_About this exercise_:
All of the data below should be repeated exactly. Pictures should not be included.

_Information shown_:
=== Begin Enclosure ===

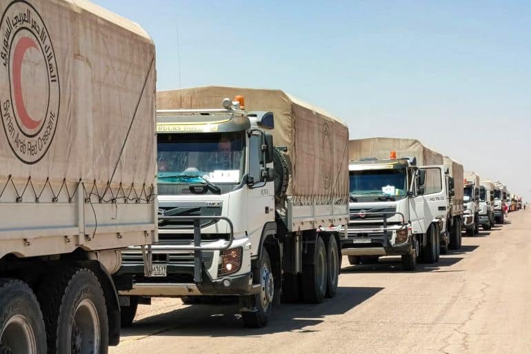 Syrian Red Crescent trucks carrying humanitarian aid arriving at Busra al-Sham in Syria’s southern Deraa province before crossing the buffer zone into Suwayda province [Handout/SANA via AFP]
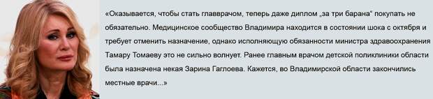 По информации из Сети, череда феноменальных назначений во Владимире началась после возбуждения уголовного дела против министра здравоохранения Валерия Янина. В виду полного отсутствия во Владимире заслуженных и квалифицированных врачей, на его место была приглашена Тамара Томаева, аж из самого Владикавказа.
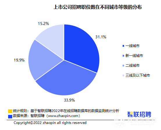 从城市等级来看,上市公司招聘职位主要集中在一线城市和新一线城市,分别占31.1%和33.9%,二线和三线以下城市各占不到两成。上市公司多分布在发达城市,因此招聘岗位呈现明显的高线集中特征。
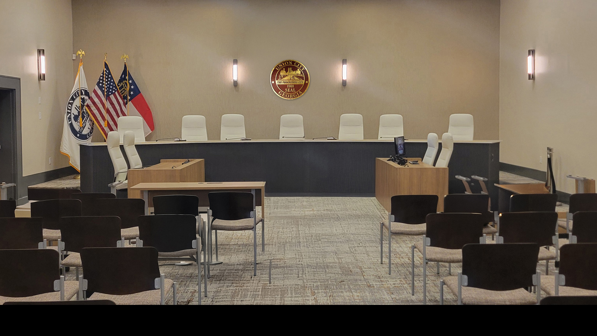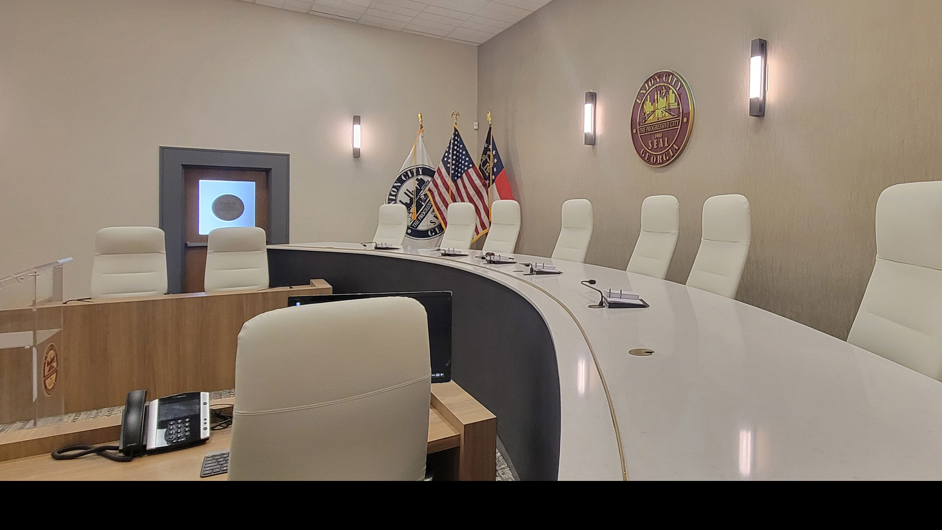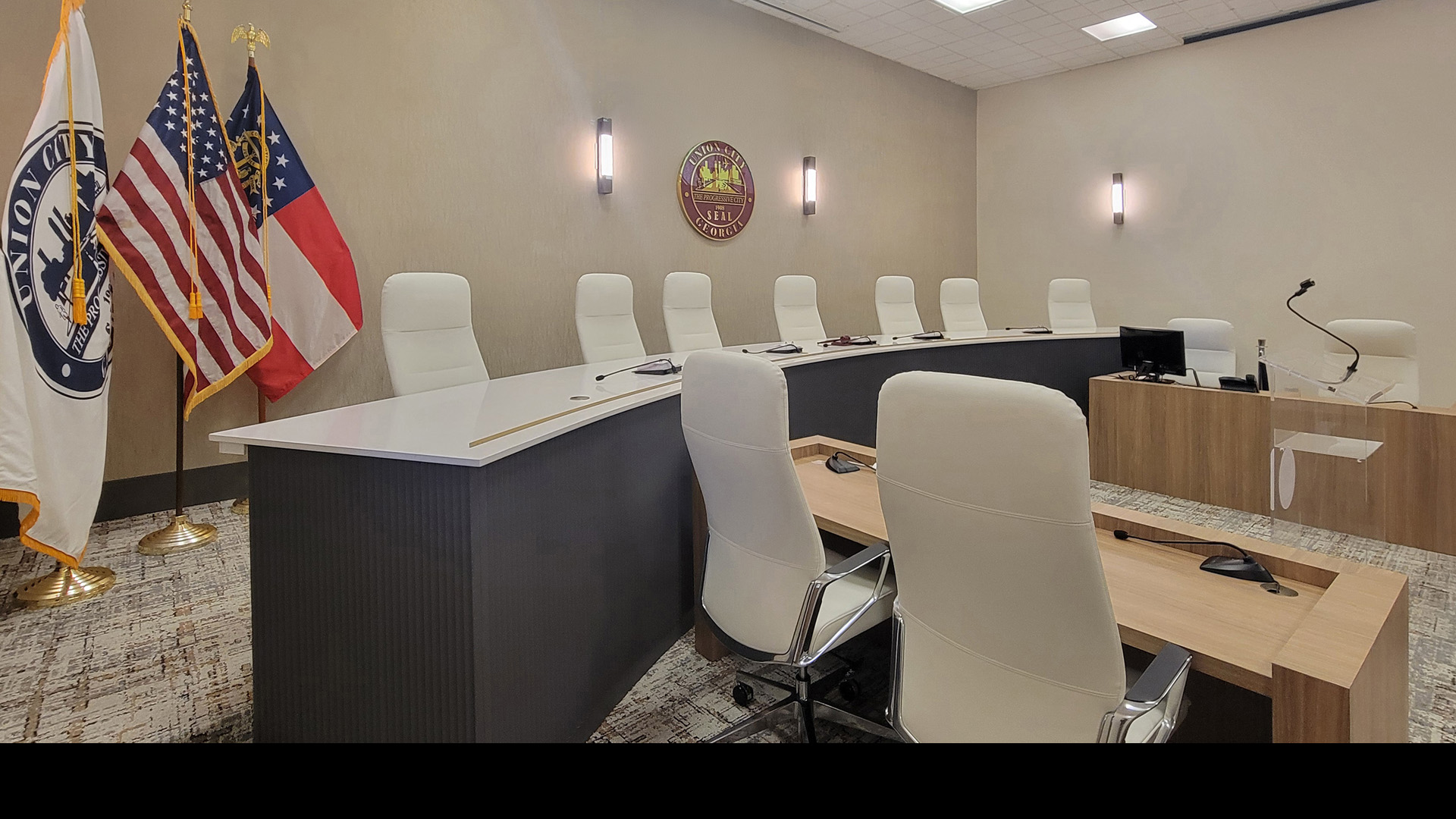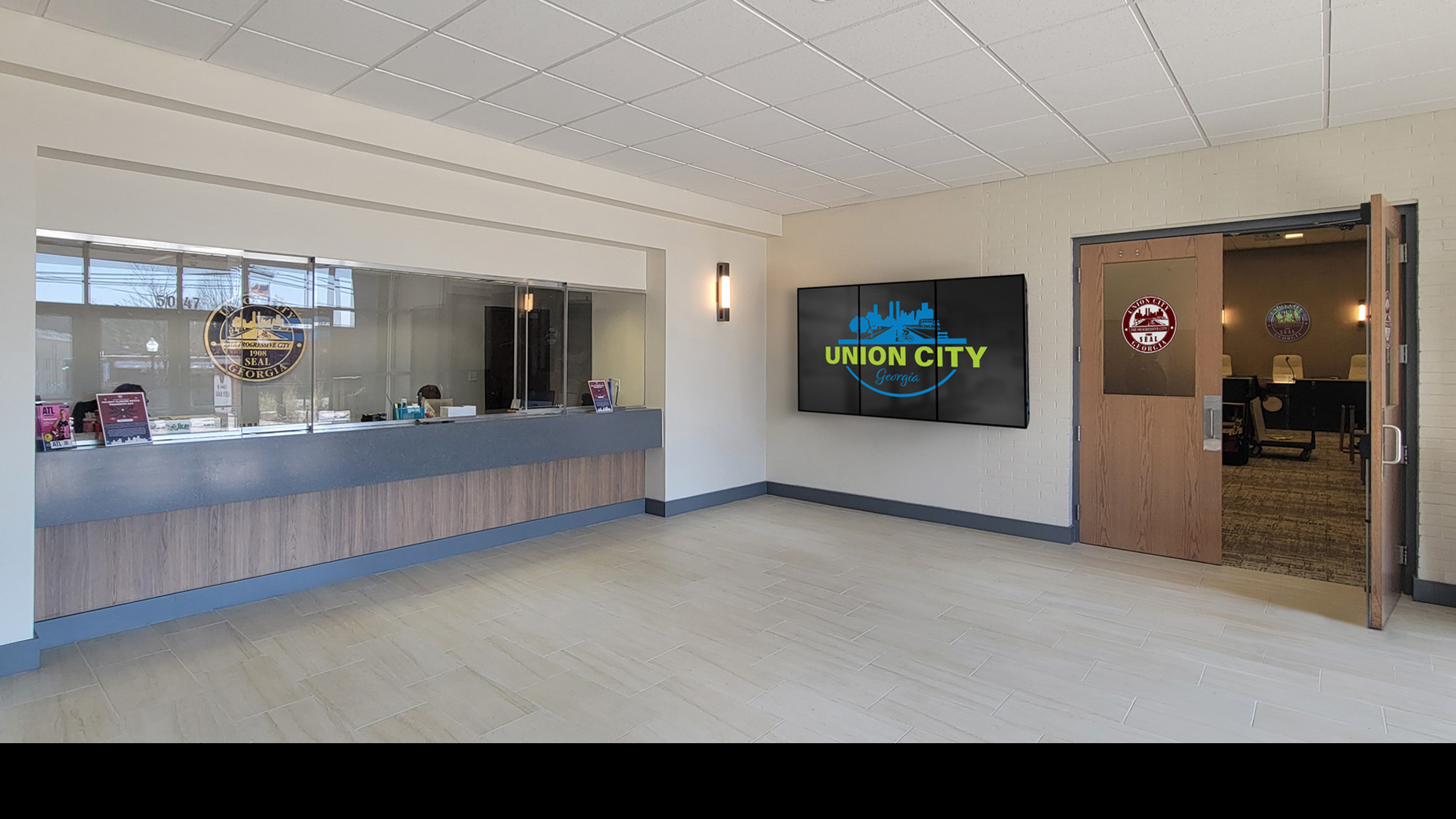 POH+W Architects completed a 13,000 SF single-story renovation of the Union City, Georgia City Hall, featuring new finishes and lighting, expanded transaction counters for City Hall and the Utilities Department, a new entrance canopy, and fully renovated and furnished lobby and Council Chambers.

=== End Enclosure ===

_Reply_:
 Syrian Red Crescent trucks carrying humanitarian aid arriving at Busra al-Sham in Syria’s southern Deraa province before crossing the buffer zone into Suwayda province [Handout/SANA via AFP]
 По информации из Сети, череда феноменальных назначений во Владимире началась после возбуждения уголовного дела против министра здравоохранения Валерия Янина. В виду полного отсутствия во Владимире заслуженных и квалифицированных врачей, на его место была приглашена Тамара Томаева, аж из самого Владикавказа.
 从城市等级来看,上市公司招聘职位主要集中在一线城市和新一线城市,分别占31.1%和33.9%,二线和三线以下城市各占不到两成。上市公司多分布在发达城市,因此招聘岗位呈现明显的高线集中特征。
 POH+W Architects completed a 13,000 SF single-story renovation of the Union City, Georgia City Hall, featuring new finishes and lighting, expanded transaction counters for City Hall and the Utilities Department, a new entrance canopy, and fully renovated and furnished lobby and Council Chambers.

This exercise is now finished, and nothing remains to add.